# Starting Over: Again



## phreak (Aug 16, 2010)

Here's the deal. I just spent $45,000 on my basement development. Then I moved. Unless I find a buyer in Edmonton who is a HTNut (any takers?) I just lost $15,000 because to the average joe it looks like a $30,000 basement. The older house we just moved into has a room in the basement that is a reasonable size, and I still have my equipment, but extremely tight budget to make the room work. Tight as in my loving and understanding wife frowned when I threw out a low ball "about $300 to get it up and running". The room is 13'6" x 18'6" x 7'3". Already has 4 pots and another light @ 10' from screen. I can steal that box for my projector power, but it will be 1' in front of PJ. Won't be in the way, just look bad. Just need to fish a signal to the PJ and and rear speakers, and since the panel is full I have to add a sub panel to power the gear. Occasional guest bedroom to the left & kitchen/dining above, so I will forego the soundproofing for a couple years.
Thinking I'll go with a 6.2, unless anyone has a reasonable beef with a rear center. 
I'll post a few pics along the way if anyone is interested.


----------



## bpape (Sep 14, 2006)

That stinks having to move out after you finish a renovation like that. 

Bryan


----------



## phreak (Aug 16, 2010)

Yeah, I changed jobs and cities 10 weeks after the theatre was done. In that time I worked out of town so much that I only got to watch maybe 5-6 movies (Voyage of the Dawn Treader was the best) and a couple music performances. Jeff Beck Live @ Ronnie Scotts and the Eric Clapton Crossroads Guitar Festival were both pretty stellar. I'm not a big gamer but I did play GT5 a little. First time I crashed I almost dialed 911. Then the little voice in my head said "relax, it's only a game."


----------



## phreak (Aug 16, 2010)

Just got back from the big orange box. Enough 10-2 to power my subs = $2/ft. Enough to power my subs, build next years workshop, and the following years apartment suite = $0.40/ft. Had to buy the big roll instead of 20ft. Bringing power to the subs cost $8 instead of $40.


----------



## phreak (Aug 16, 2010)

Isn't it kinda like Christmas when a skinny guy in a brown costume rings your doorbell and hands you a big box from Monoprice?


----------



## tonyvdb (Sep 5, 2007)

LOL yup, I love it when I get the expensive gifts like receivers, subs or Projectors delivered to my door :dumbcrazy:


----------



## phreak (Aug 16, 2010)

This wasn't the expensive supercool stuff, mostly wire with a projector mount and HDMI over Cat6 wallplates. Shipped to my door for $175 including brokerage fees (what happened to free trade). Still, would have been over $400 local.


----------



## tonyvdb (Sep 5, 2007)

Ya' the brokerage fees stuff is a real drag. "Free trade" is a big joke.


----------



## Owen Bartley (Oct 18, 2006)

phreak, sorry to hear you didn't get to enjoy your previous theatre. It's too bad, but that kind of specialized work really isn't appreciated by everyone when the time comes to sell. My wife has flat out told me if we build a theatre in the basement we aren't moving, so I guess I'll just have to settle for the single car garage in this house, and make the best of it. 
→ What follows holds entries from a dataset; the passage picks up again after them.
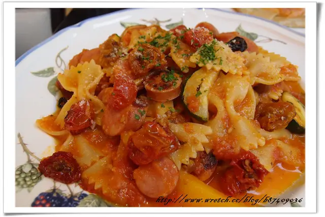 第三盤是"茄汁肉腸菌菇蔬菜麵"
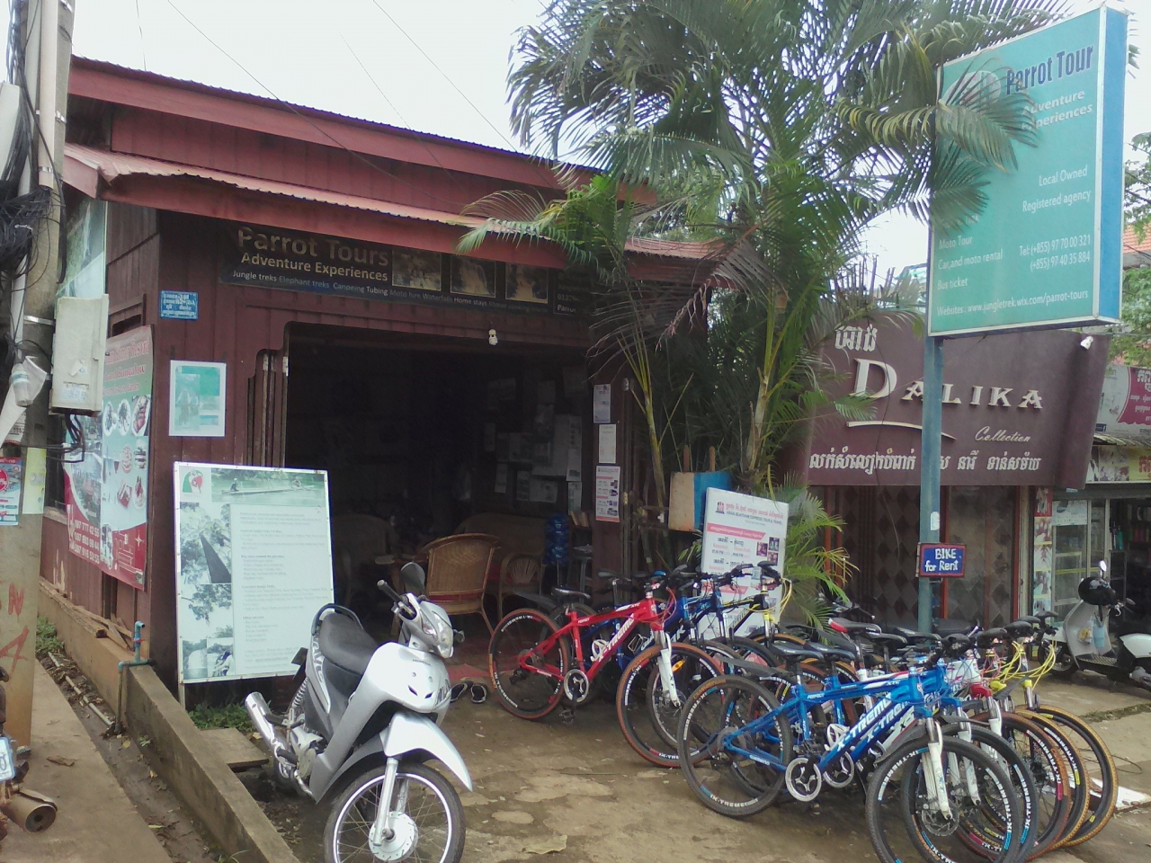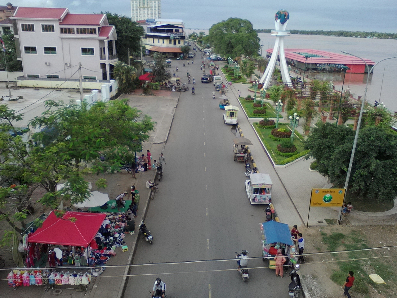 クラチエ市場の北100m、お寺の向かいにワゴン車、乗合タクシー乗り場があります。地元の人が利用するクラチエの実質的なバスステーションです。時刻表や行き先表示はありませんが(あってもクメール語なので理解不能)常に客引きをやっているので行き先を告げればどの車が教えてくれます。ただ外国人だと多少ボラれることもあるので時間に余裕のある方は事前のリサーチをおすすめします。また“人の集まる所には屋台あり”なので安く簡単に食事をしたい方には重宝します。
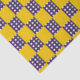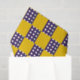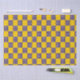 A pattern of alternating yellow and blue squares creates a chequerboard effect. Blue squares are dotted with white circles, adding a playful contrast to the bright yellow.
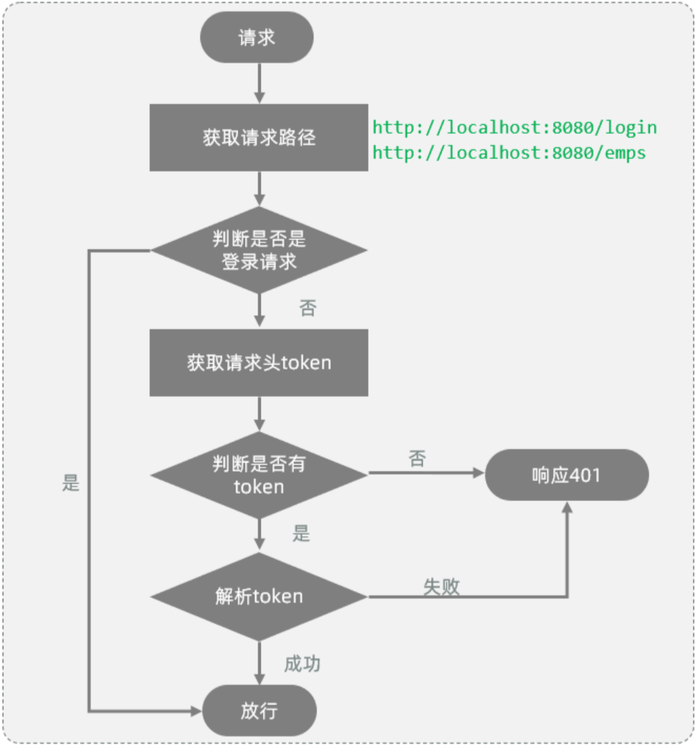 public class TokenInterceptor implements HandlerInterceptor {@Overridepublic boolean preHandle(HttpServletRequest request, HttpServletResponse response, Object handler) throws Exception {//1. 获取请求url。String url = request.getRequestURL().toString();//2. 判断请求url中是否包含login,如果包含,说明是登录操作,放行。if(url.contains("login")){ //登录请求log.info("登录请求 , 直接放行");return true;}//3. 获取请求头中的令牌(token)。String jwt = request.getHeader("token");//4. 判断令牌是否存在,如果不存在,返回错误结果(未登录)。if(!StringUtils.hasLength(jwt)){ //jwt为空log.info("获取到jwt令牌为空, 返回错误结果");response.setStatus(HttpStatus.SC_UNAUTHORIZED);return false;}//5. 解析token,如果解析失败,返回错误结果(未登录)。try {JwtUtils.parseJWT(jwt);} catch (Exception e) {e.printStackTrace();log.info("解析令牌失败, 返回错误结果");response.setStatus(HttpStatus.SC_UNAUTHORIZED);return false;}//6. 放行。log.info("令牌合法, 放行");return true;}}
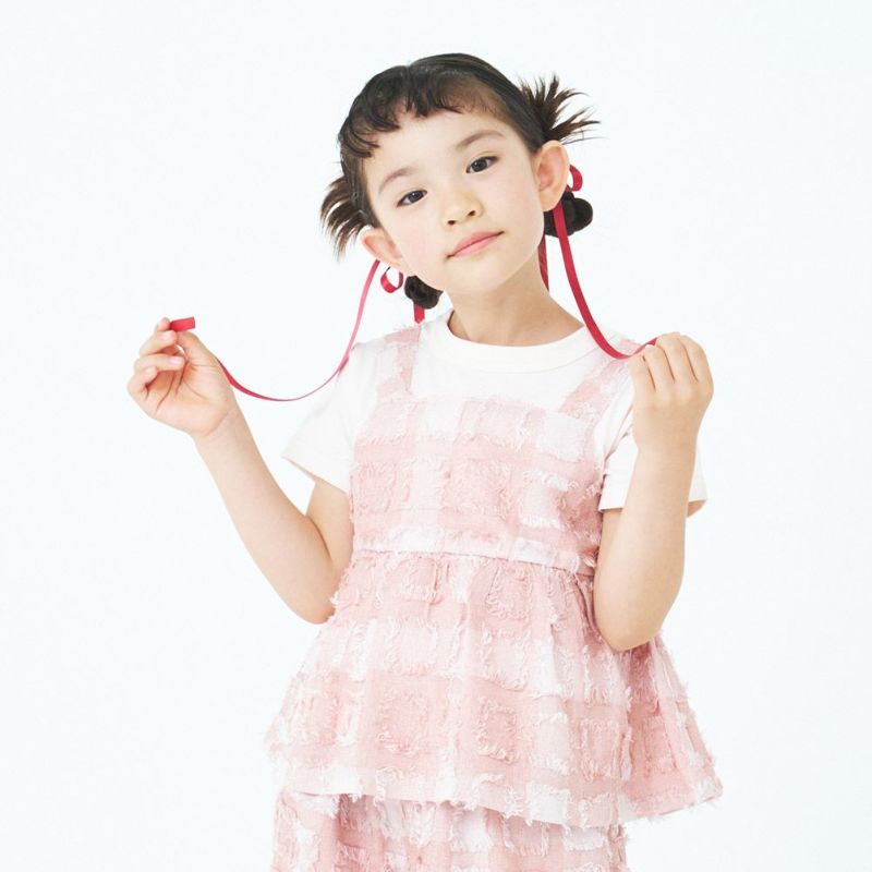 [マルーク] フサフサブロックチェックチュニックTシャツ ピンク系(26)

On the bright side, at least you have your gear still so you can set things up and maybe phase in some upgrades when you think you can get away with them.


----------



## phreak (Aug 16, 2010)

I'm thinking that the surround speakers will be my only upgrade in the next couple years. Everything else should keep me happy for quite a while.


----------



## phreak (Aug 16, 2010)

I guess I am upgrading the surrounds. Instead of my 3 Paradigm Cinema110's I just snagged 4 used BIC America Venturi V52's. I think it's an ok deal for $75 including 2 stands and also a center channel that I can pass off to my bro-in-law. Go Kijiji. 110's for the bedroom.


----------



## phreak (Aug 16, 2010)

It has been a while since I have updated this, but carpet just got installed this week. Here are a couple pics with everything set up.


----------



## phreak (Aug 16, 2010)

Obviously this still needs some TLC. Rear riser, enclosure for electrical, baseboard, crown, rear surround wire inside the wall, and I still haven't thought about acoustics.


----------



## ALMFamily (Oct 19, 2011)

phreak said:


> Obviously this still needs some TLC. Rear riser, enclosure for electrical, baseboard, crown, rear surround wire inside the wall, and I still haven't thought about acoustics.


Looks great Phreak! :T

While it may need those things, it is still useable which is a definite plus!


----------



## phreak (Aug 16, 2010)

ALMFamily said:


> Looks great Phreak! :T
> 
> While it may need those things, it is still useable which is a definite plus!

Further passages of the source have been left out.